General characteristics
- Class & type: Musica-class cruise ship
- Tonnage: 92,409 GT
- Length: 293.83 m (964 ft 0 in)
- Beam: 32.31 m (106 ft 0 in)
- Decks: 13
- Speed: 23 knots (43 km/h; 26 mph)
- Capacity: 2,550 passengers
- Crew: 987

= MSC Musica =

Musica-class cruise ship

MSC Musica is the first built in 2006 and operated by MSC Cruises. The vessel has 1,268 passenger cabins which can accommodate 2,550 passengers double occupancy, served by approximately 987 crew members.

==History==

===COVID-19 pandemic===
On 9 April 2020, A Tribuna reported that a crew member of MSC Musica had tested positive for COVID-19. The crew member was initially admitted to hospital for emergency care due to anemia and had tested negative for the virus upon admission.
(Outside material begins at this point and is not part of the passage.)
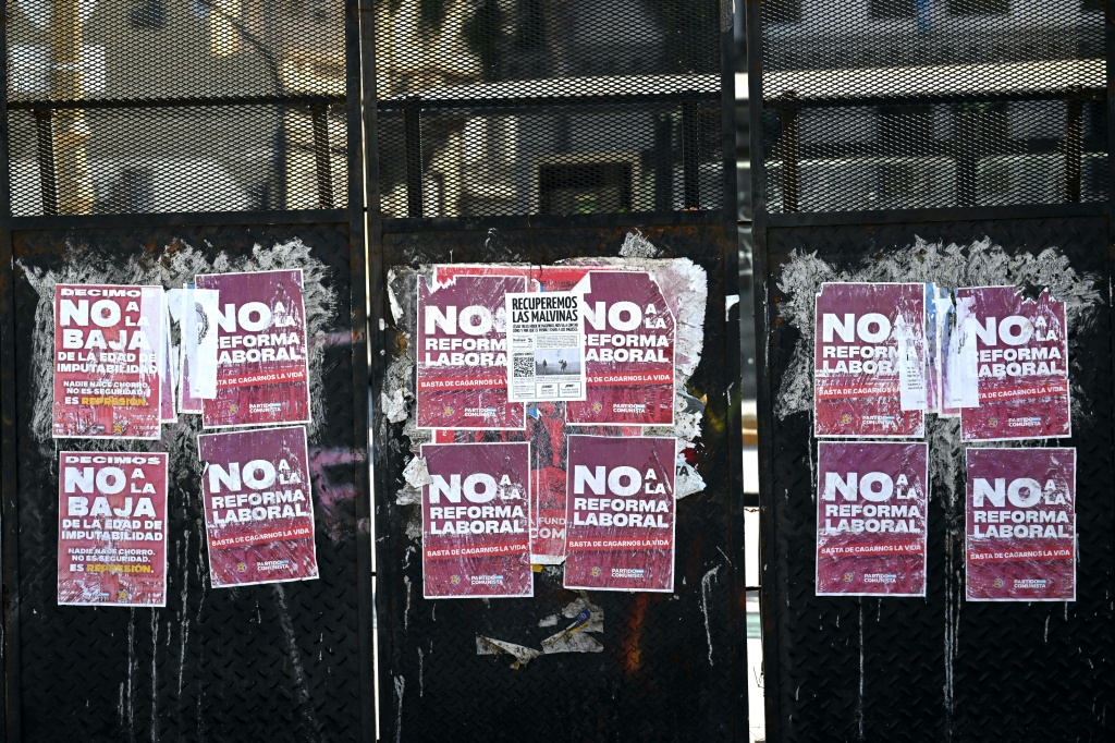 Carteles contrarios a la reforma laboral del presidente Javier Milei, pegados en una valla de seguridad frente a la sede del Congreso argentino, el 27 de febrero de 2026 en Buenos Aires

However, when the crew member was scheduled for discharge, another test was performed, which returned positive. It is unclear if the virus was contracted aboard the ship or after disembarkation, but MSC Musica, which had been moored at the Port of Santos, was placed under quarantine as a preventative measure, with the standard 14 days of quarantine beginning on the day the crew member had disembarked.